# [Stored data]
--------

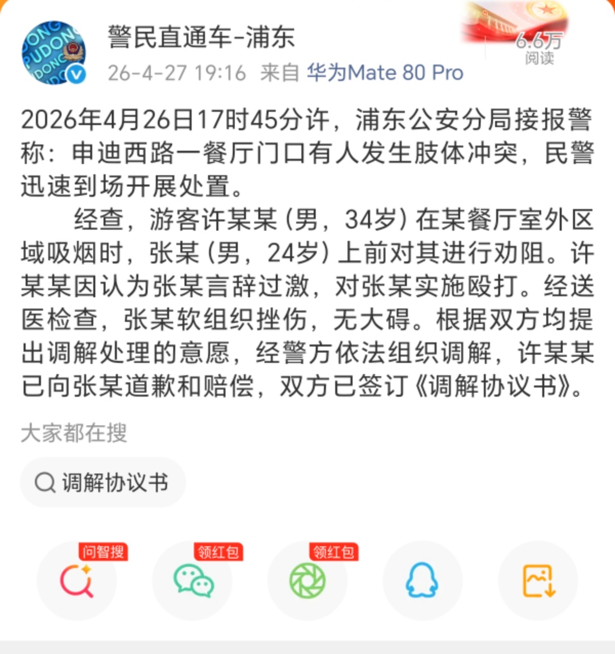4月27日晚間,上海浦東警方發布通報:“2026年4月26日17時45分許,浦東公安分局接報警稱:申迪西路一餐廳門口有人發生肢體沖突,民警迅速到場開展處置。”警方表示,打人者已向勸阻者道歉并給予賠償,“經查,游客許某某(男,34歲)在某餐廳室外區域吸煙時,張某(男,24歲)上前對其進行勸阻。許某某因認為張某言辭過激,對張某實施毆打。經送醫檢查,張某軟組織挫傷,無大礙。根據雙方均提出調解處理的意愿,經警方依法組織調解,許某某已向張某道歉和賠償,雙方已簽訂《調解協議書》。”
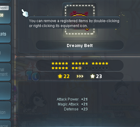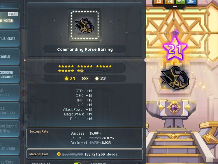 Manage to get gloves 18 to 21 and boots 18 to 20 without booming once. Guess I'll keep the spares until i get enough meso to try and 22 both, but i may just focus on doing the cape and shoulder 18->20/21 first. I'd tap boots to 21, but i don't have enough meso to get it back to 18 if it does boom.
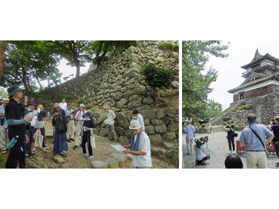 現存十二天守のひとつ、重要文化財の「丸岡城」天守の国宝化を目指す福井県坂井市の教育委員会は7月8日に、城山整備基本計画策定に向け、課題の把握や現状を確認する現場視察(エクスカーション)を行った。お天守が鎮座する城山は、明治、大正時代の城の荒廃のあと、昭和初期には次第に公園化が進み、桜などが植えられ大きく景色が変わり、石垣も法面も何度か崩落に遭っている箇所があるなど築造当時の江戸時代の面影とは大きく姿を変えている。どこまで往時の城山に戻すのかなどの基本方針が計画案に盛り込まれる予定で、この日参加した市民20人や専門家らは、城を見上げながら「国宝化に向け、城としての丸岡城をどう見せていくのか、より良い姿を考えていきたい」と今後の整備に期待を込めていた。市教委は、城山整備基本計画は2026年度末の策定を目指し、翌27年度から具体的な事業に着手していく。
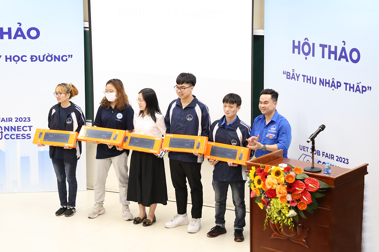 Buổi hội thảo “Bẫy thu nhập thấp” là một trong những chương trình mở đầu cho sự kiện “Ngày hội việc làm Công nghệ UET Job Fair 2023” đã kết thúc thành công, giúp sinh viên có thêm nhiều kiến thức kỹ năng và ngày 25/03/2023 sẽ là hoạt động “tiền” sự kiện tiếp theo với chủ đề “Áp lực tâm lý học đường” để giúp sinh viên “làm mới” cảm xúc của bản thân. Từ đó, sinh viên sẽ có những trải nghiệm và hoạt động tuyển dụng hiệu quả tại UET Job Fair 2023 do Trường ĐH Công nghệ tổ chức vào ngày 01/04/2023 tới đây.

--------

# [About this exercise]
Return only the lines from the start of the data through the line that contains "Manage to get", please, copying them exactly and omitting all pictures.

# [Output of the exercise]
4月27日晚間,上海浦東警方發布通報:“2026年4月26日17時45分許,浦東公安分局接報警稱:申迪西路一餐廳門口有人發生肢體沖突,民警迅速到場開展處置。”警方表示,打人者已向勸阻者道歉并給予賠償,“經查,游客許某某(男,34歲)在某餐廳室外區域吸煙時,張某(男,24歲)上前對其進行勸阻。許某某因認為張某言辭過激,對張某實施毆打。經送醫檢查,張某軟組織挫傷,無大礙。根據雙方均提出調解處理的意愿,經警方依法組織調解,許某某已向張某道歉和賠償,雙方已簽訂《調解協議書》。”
 Manage to get gloves 18 to 21 and boots 18 to 20 without booming once. Guess I'll keep the spares until i get enough meso to try and 22 both, but i may just focus on doing the cape and shoulder 18->20/21 first. I'd tap boots to 21, but i don't have enough meso to get it back to 18 if it does boom.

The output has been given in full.